I'm doing my best to keep these examples short and to the point - and extending the core features as I go. (and specifically, will need some more support for matrices with GA elements before I can effectively demonstrate some of these features.).

But you're right - no slacking - I'll do my best to speed things up !

Cheers

danbri commented 6 years ago

Trying to get my head around the Dual numbers connection, I found https://blog.demofox.org/2014/12/30/dual-numbers-automatic-differentiation/ and https://web.archive.org/web/20161018163407/http://www.duaeliststudios.com/automatic-differentiation-with-dual-numbers/ ... hopefully that's a reasonable trail to follow.

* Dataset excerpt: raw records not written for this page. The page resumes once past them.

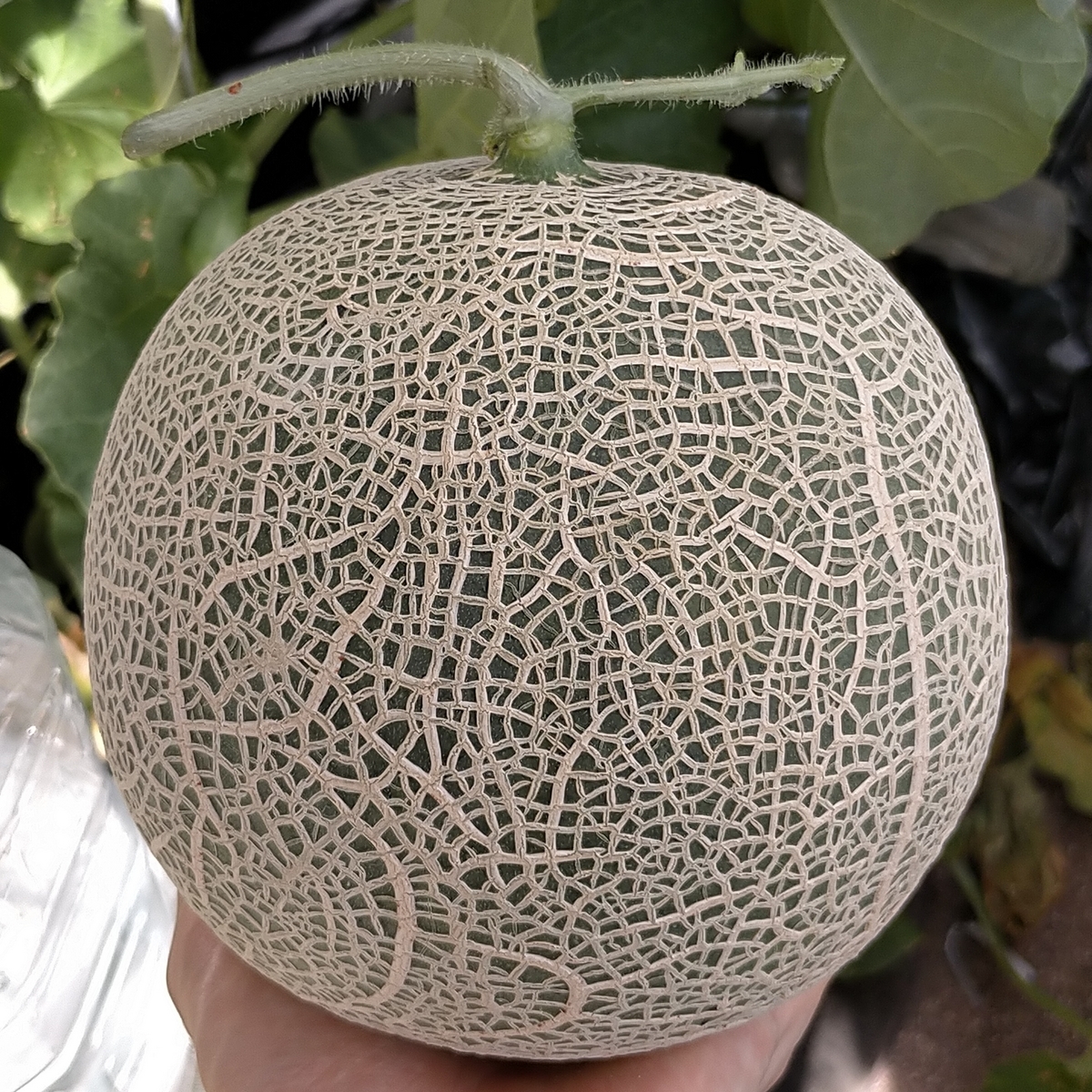 純系アールス収穫しました。積算温度1480℃。重さは1.6kgで大きめサイズ。草勢は完璧で、収穫数日前になって蔓先がじわじわ伸び出してきた感じなので、中身は期待できる。ネットは最初に強めに出たけど、それ以降非常に暑かったので全然盛らなかった(今年の7月の平均気温は28.8℃で過去最高より0.1℃だけ低かった。過去最高は去年と2018年)。果形は真ん丸で綺麗。果皮は遮光なしだけど葉の陰に入ってて黄化はしなかった。草勢弱かったり日に当たると黄化しやすい。アンテナはしょぼい。既にハチミツのような甘い香りがする。
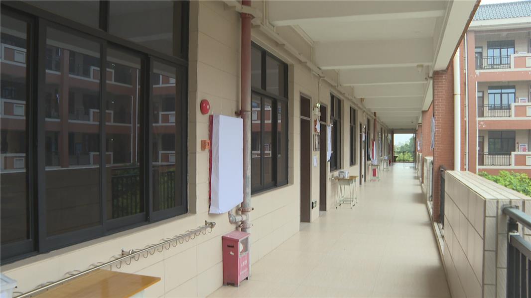 记者汤嘉源:“为了确保高考可以安全有序地进行,中山市桂山中学在细节上下足功夫,例如在学校所有的连廊两侧都铺设了防雨的红布,防止下雨天气雨水打湿学生的裤脚,另外他们在地面上也铺设了防滑地胶,防止学生不慎滑倒。”
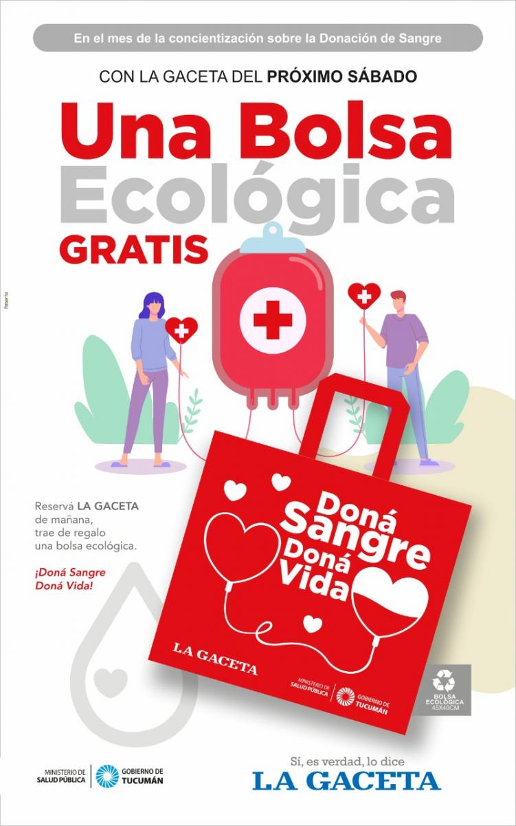 Junto al Gobierno de Tucumán y el Ministerio de Salud de la provincia, LA GACETA quiere regalarte una bolsa ecológica con la compra de tu diario el próximo sábado 18 de junio, el acto de donar no perjudica tu salud, así que anímate y doná, para que el mundo siga latiendo

enkimute commented 6 years ago

Hi Dan,

Those seem fine - to really get the GA perspective keep in the back of your head that ε (with ε²=0) is just one of the three 'new number types' that are introduced by GA. (the others being i, and j (with i²=-1 and j²=1).

Algebraically, they help you solve quadratic equations (i), do automatic differentiation (ε), and provide in an idempotent (j).

Geometrically, they turn multiplication into rotation (i), translation (ε) and reflection (j).

Once you have a clear view on those its really just mix-and-match to create a numbering system that captures the operations and types your application needs. (you can only 'pick' the metric for the basis generators (e₁, e₂, e₃, ..), those of the derived elements that complete your basis (e₁₂, ..) are implied.

Combine that knowledge with the fact that the even subalgebra's are closed under the geometric product. (i.e. multiplying x with a scalar/bivector combination does not change the grade of x), and you find that a smart selected metric gives you exactly those bivectors you need to cover the special orthogonal group (SE2 or SE3). (in fact every combination of metrics you can think of gives you interesting algebraic spaces that are all going to be particularly well suited for some problems, as I hope the examples in the coffeeshop demonstrate).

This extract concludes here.